What is apparent in Canadian real estate markets is that they are more buyer-driven than seller-driven, which is not really surprising in a market that is experiencing tight inventory situation across all segments. Under the present condition, home prices may be going a little over their real value in some real estate markets, but this not necessarily mean that the markets are in a bubble.

The Canadian Real Estate Association, in a recent announcement, reported that the resale segment is expected to post record performance in 2010, especially in the first half of the year. The market for resale home units is forecast to hit 527,300-level for 2010. This is equivalent to 13.3 percent growth in sales from 2009. There are no indications that speculation is getting into the decision making of both active buyers and sellers in real estate markets in Canada.

Industry experts have attributed these events in real estate markets to the lower interest rates and the intention of home buyers to make the buy before the harmonized sales tax is implemented. This is the prevailing situation in real estate markets in British Columbia and Ontario. Real estate markets are expected to go through adjustment phase once higher interest rates take effect in the second half of 2010.

Riding on its positive performance in 2009, the new home segment is expected to be one of the most active sectors for 2010. The seasonally-adjusted growth rate has breached the 186,300-mark in January. This is equivalent to a 5.8-percent jump from December 2010 home-starts sales. On the other hand, Canada Mortgage and Housing Corporation predicted a sustained growth in this segment for 2010 when it reported a total of 149,081 units of home-starts sold for 2009. In the same report released by CMHC, sales of starter home units in urban territories reached 165,200 in January 2010 which is equivalent to 4.4 percent growth over the same period last year. On the other hand, total sales of multiple housing units posted a 4.4 growth, while detached home starts yielded a 3.3 percent in January 2010.

Some sectors believe that the fear of possible bubble is being fueled by the remarkable rebound of real estate markets after the major economic downturn a couple of years back. However, market experts believe that this industry-leading performance will not be sustained. The frenzied activity will ultimately taper off once markets make the necessary corrections.

These positive developments in the real estate markets come in the heels of the recent announcement by the federal Competition Bureau that it is challenging the rules that are being imposed by the Canadian Real Estate Association. The Federal Bureau contends that the prevailing condition limits the range of choices for homeowners.
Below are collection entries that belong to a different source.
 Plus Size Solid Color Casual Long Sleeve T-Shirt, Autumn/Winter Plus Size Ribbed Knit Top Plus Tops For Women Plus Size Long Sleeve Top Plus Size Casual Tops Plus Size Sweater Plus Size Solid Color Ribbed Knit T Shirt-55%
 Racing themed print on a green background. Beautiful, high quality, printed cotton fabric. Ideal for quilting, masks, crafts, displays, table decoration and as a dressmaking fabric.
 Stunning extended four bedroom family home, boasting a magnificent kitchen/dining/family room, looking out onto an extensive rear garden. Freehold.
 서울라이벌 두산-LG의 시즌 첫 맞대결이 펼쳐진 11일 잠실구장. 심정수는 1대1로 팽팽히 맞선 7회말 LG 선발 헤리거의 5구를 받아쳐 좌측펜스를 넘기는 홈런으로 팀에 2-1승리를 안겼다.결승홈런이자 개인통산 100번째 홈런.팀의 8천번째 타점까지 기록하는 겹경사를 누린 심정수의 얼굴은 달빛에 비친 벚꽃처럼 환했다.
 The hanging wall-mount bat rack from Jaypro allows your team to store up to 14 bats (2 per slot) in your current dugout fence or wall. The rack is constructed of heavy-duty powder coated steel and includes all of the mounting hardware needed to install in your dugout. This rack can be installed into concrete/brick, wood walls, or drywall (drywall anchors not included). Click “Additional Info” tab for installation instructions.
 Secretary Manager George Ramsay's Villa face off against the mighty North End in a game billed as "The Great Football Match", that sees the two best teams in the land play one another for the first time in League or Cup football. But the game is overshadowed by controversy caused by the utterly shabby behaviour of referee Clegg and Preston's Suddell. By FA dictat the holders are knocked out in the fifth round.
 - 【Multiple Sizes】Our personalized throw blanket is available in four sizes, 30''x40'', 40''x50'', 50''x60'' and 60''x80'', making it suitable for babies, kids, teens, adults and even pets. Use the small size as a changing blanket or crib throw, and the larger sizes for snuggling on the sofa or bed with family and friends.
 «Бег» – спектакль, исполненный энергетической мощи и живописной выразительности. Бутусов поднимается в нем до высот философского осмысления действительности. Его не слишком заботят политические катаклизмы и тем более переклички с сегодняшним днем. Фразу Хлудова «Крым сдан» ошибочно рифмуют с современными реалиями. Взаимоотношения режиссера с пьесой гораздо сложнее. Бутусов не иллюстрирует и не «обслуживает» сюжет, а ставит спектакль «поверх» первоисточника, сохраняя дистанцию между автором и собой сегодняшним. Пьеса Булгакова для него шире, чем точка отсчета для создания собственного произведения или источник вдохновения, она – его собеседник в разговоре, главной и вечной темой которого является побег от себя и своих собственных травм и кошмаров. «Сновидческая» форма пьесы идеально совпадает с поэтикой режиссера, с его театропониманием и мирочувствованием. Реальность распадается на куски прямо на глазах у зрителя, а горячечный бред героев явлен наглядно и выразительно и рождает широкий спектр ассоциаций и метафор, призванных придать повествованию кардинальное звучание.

This has led to situations where consumers are forced to get services they don’t need or desire.

The Competition Bureau has already filed with the Competition their application seeking to repel the rules that are being implemented by CREA, particularly those that apply on the use of the MLS. There are ongoing talks between the Competition Bureau and the CREA to come out with a mutual agreement to resolve the contentious issues although there are no substantial results have come out from these talks.